New Brown Journal of Hospital Medicine publishes work on hospital care - The Brown Daily Herald

New Brown Journal of Hospital Medicine publishes work on hospital care – The Brown Daily Herald

When several hospitalists at Miriam Hospital wanted to publish a case report of their findings while treating patients with COVID-19, they recognized a dearth of journals devoted to hospital medicine. So they created their own.

The Brown Journal of Hospital Medicine, founded by assistant professors of medicine and clinical educators Vijairam Selvaraj, Arkadiy Finn and Kwame Dapaah-Afriyie, publishes work in hospital medicine to advance knowledge and understanding of the field. Following the publication of its first issue in February, the journal became quarterly.

The journal’s goal is to “promote scientific activity and disseminate research among hospitals and future physicians” by providing readers with “up-to-date clinical information relevant to hospital medicine and related fields,” said Selvaraj.

Hospitallers are doctors who provide hospital care. They work closely with primary care providers to coordinate patient care after they are discharged from the hospital.

“Hospital medicine has grown in importance over the past 20 years,” Dapaah-Afriyie explained, with healthcare professionals increasingly focusing on “maximizing patient throughput in terms of providing excellent patient care without increasing the length of hospital stay”.

This shift in focus has also prompted efforts to move hospitalists into the “academic arena,” he added.
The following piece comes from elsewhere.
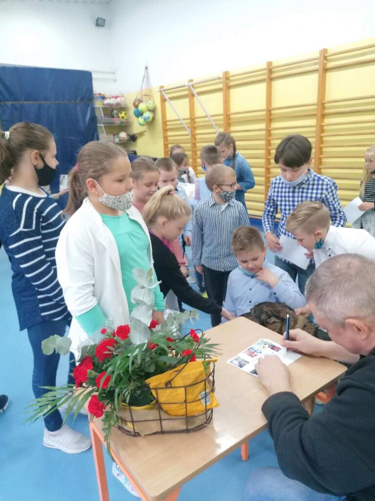 Podczas spotkania uczniowie dowiedzieli dlaczego Marcin Pałasz został autorem książek dla dzieci oraz o tym, jak wygląda życie pisarza.

Prior to the establishment of the BJHM, there was only one other journal in the United States devoted to hospitalist medicine, the Journal of Hospital Medicine, “compared to other specialties such as cardiology, critical care medicine , gastroenterology and nephrology,” which have several dedicated journals, Dapaah-Afriyie said.

The Journal of Hospital Medicine focuses on “health research and policy and higher-level stuff, which we felt was not enough for practicing physicians to use as a resource,” Selvaraj said. The BJHM is “more clinical than the other journal, which is more focused on improving throughput quality (and) hospital settings”.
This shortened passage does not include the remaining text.